Brian Fuller's blog on the media, marketing and content creation

Defining journalism

Posted on | September 6, 2007 | 6 Comments

There’s a brilliant behind the scenes banter going on below. (I call it out because sometimes I miss that in other blogs because I’m lazy). Fantastic input from Mike, Island Mike, and Loring.
It’s all about the nature of journalism and what defines journalism and so on, at least in the business-to-business space.
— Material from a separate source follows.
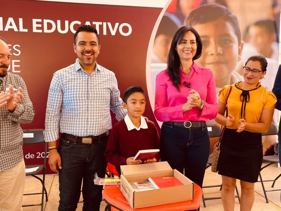 * El alcalde y la secretaria de Educación en el estado, Gabriela Molina, entregan material y equipamiento a 33 escuelas del municipio
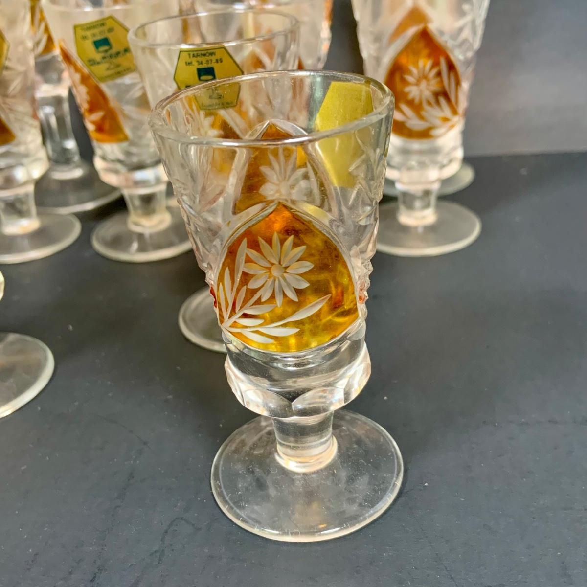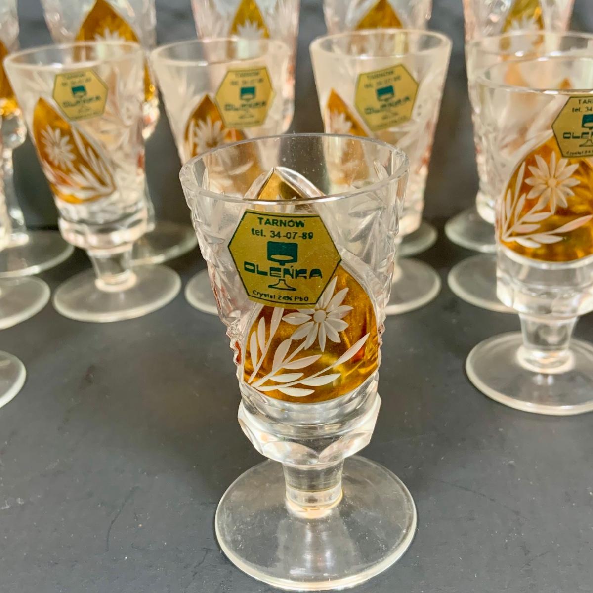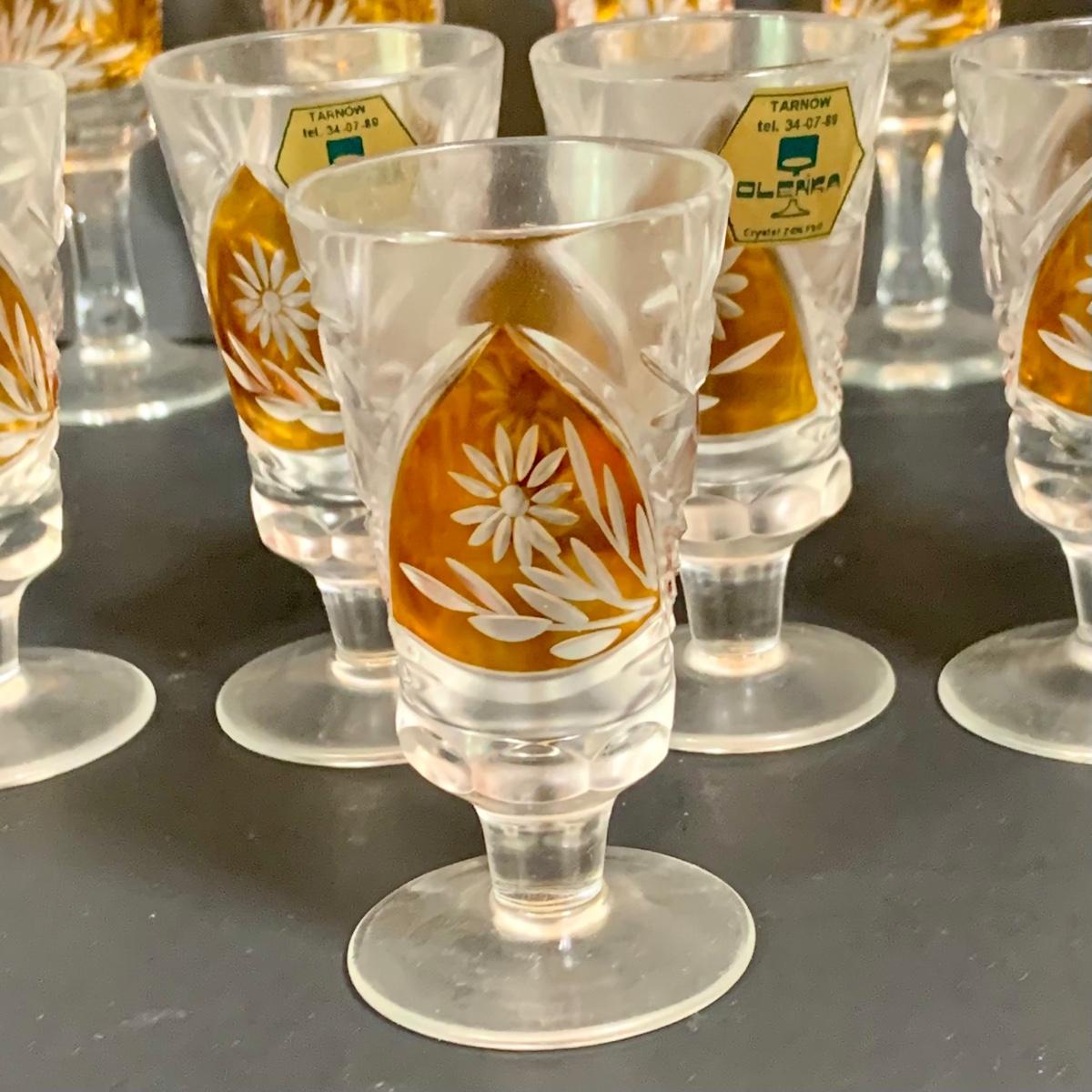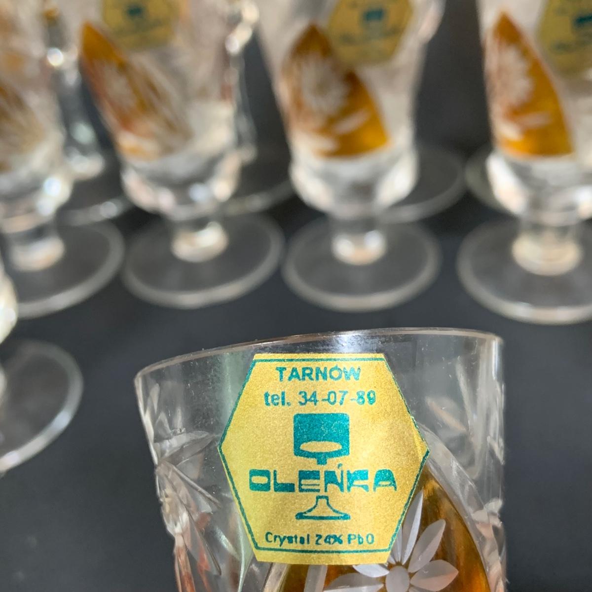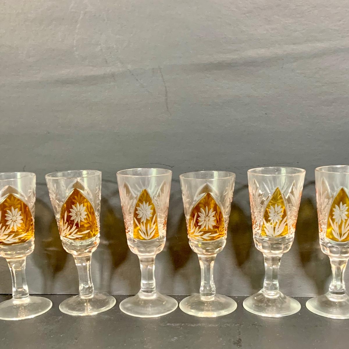 LOT:116: Set of Olenka Amber Cut Glass Crystal Schnapps Glasses and Miniature Pitcher

I’ll be frank: real journalism has never been practiced in the B:B space, at least not in the electronics sector.
Real journalism hasn’t been practiced in the mainstream for years, maybe since Watergate and the Pentagon Papers before that maybe the muckrackers at the turn of the century.
I define good journalism as enterprise and lots of hard work, some down dead alleys. Stories that take more than a few hours to do. Stories that take six months and that some people really don’t want aired. Most journalism today is show me your product, call the competitors, call the analysts and make some educated assessment on whether it has success in the market space.
This is a national tragedy that we’re starting to come to grips with.
But if you want a little hope, check out your alternative weeklies in many cities in the U.S. Those guys and gals have been practicing real journalism. And check out how thick those issues are. Reminds me of EE Times in 1999.
There’s hope in print. There’s hope online that strong independent voices will arise (are arising).
But in B:B there was always an implicit agreement going back 40 years: you buy our ads, we’ll deliver you the audience (and we won’t piss you off too much). Cynical? Don’t tell my kids. I describe it as healthy skepticism.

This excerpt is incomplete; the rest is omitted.